An interesting twist on the flat tax.

Laurence J. Kotlikoff in his essay titled "Is The United States Bankrupt?" (pdf) proposes an interesting fix for the US tax system which is different than other flat tax schemes that I have heard before: A 33% federal sales tax on all goods and services to replace all other federal taxes - income tax, corporate income tax, FICA, etc. To make this tax more equal for the poor, he proposes an end of year rebate equal to the average spending of people at the poverty line for everyone.

From his essay: "The proposed sales tax has three highly pro-
gressive elements. First, thanks to the rebate, poor households would pay no sales taxes in net terms. Second, the reform would eliminate the highly regressive FICA tax, which is levied only on the first $90,000 of earnings. Third, the sales tax would effectively tax wealth as well as wages, because when the rich spent their wealth and when workers spent their wages, they would both pay sales taxes."

This sales tax effectively eliminates the complex definitions of "income" from the tax code. If you don't need to worry about what is and what is not a gain, then you are free to maximize your own interests when investing. Further, you don't have to find your MAGI to determine what taxes you owe. Although to many, these are not overly complex tasks, to the majority of Americans you might as well be asking them to fly to the moon.

Beyond the massive simplification of the tax code and basically eliminating companies like H&R Block which act like an additional tax on the poor, it encourages saving and investing. The tax rate for capital gains is zero - you only get taxed when you spend the money.

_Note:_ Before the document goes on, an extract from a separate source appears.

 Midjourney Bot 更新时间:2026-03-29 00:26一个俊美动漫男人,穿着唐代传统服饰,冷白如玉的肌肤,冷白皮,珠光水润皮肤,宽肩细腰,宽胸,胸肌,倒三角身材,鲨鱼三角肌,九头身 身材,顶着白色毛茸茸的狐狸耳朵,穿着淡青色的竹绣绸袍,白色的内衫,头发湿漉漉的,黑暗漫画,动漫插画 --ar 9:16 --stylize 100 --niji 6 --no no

If you are wondering about his conclusions from the provocative title of his article - according to Kotlikoff the US is indeed bankrupt. Very interesting and definitely worth a read. However, be sure to also read the commentary on the article by Anjan Thakor for a more balanced view. Thakor points out that the US is probably not at the point of liquidation (Chapter 7), but more likely is going to be forced to renegotiate it's obligations and debts (Chapter 11).